▶ **Task instructions**
When writing out the entries below, keep only the lines from the line with "Bloemenlingerieset Mooi vrouwelijk" to the line with "Oldenburg/Nordwohlde. Beim 20.", both included, exactly as they are, and leave the pictures aside.

▶ **Information**
********

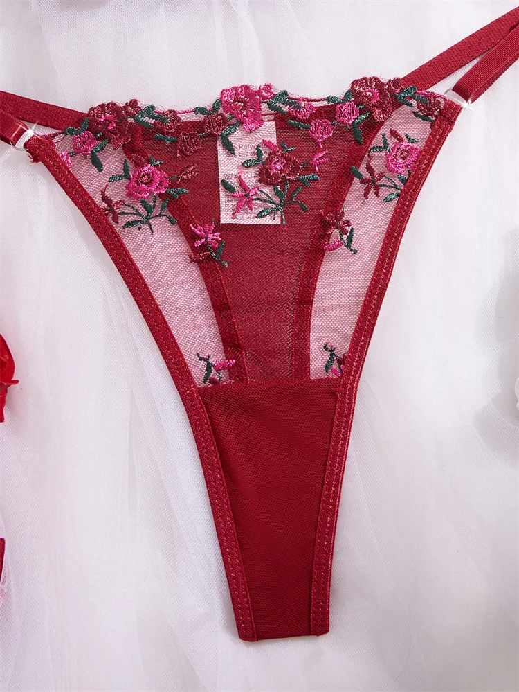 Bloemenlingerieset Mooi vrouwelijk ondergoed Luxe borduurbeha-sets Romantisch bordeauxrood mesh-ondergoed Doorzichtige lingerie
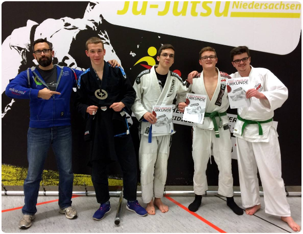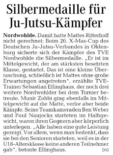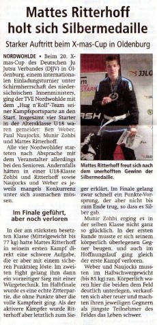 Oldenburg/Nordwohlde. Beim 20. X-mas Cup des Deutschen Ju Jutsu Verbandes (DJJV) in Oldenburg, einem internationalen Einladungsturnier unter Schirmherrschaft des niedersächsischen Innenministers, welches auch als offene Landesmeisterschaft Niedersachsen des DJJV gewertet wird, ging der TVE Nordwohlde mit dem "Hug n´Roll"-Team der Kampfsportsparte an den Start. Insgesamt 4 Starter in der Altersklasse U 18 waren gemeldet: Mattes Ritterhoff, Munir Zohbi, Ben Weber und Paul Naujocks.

********

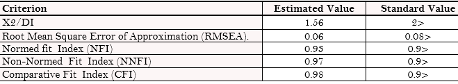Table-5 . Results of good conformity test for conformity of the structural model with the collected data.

********

▶ **Answer section**
 Bloemenlingerieset Mooi vrouwelijk ondergoed Luxe borduurbeha-sets Romantisch bordeauxrood mesh-ondergoed Doorzichtige lingerie
 Oldenburg/Nordwohlde. Beim 20. X-mas Cup des Deutschen Ju Jutsu Verbandes (DJJV) in Oldenburg, einem internationalen Einladungsturnier unter Schirmherrschaft des niedersächsischen Innenministers, welches auch als offene Landesmeisterschaft Niedersachsen des DJJV gewertet wird, ging der TVE Nordwohlde mit dem "Hug n´Roll"-Team der Kampfsportsparte an den Start. Insgesamt 4 Starter in der Altersklasse U 18 waren gemeldet: Mattes Ritterhoff, Munir Zohbi, Ben Weber und Paul Naujocks.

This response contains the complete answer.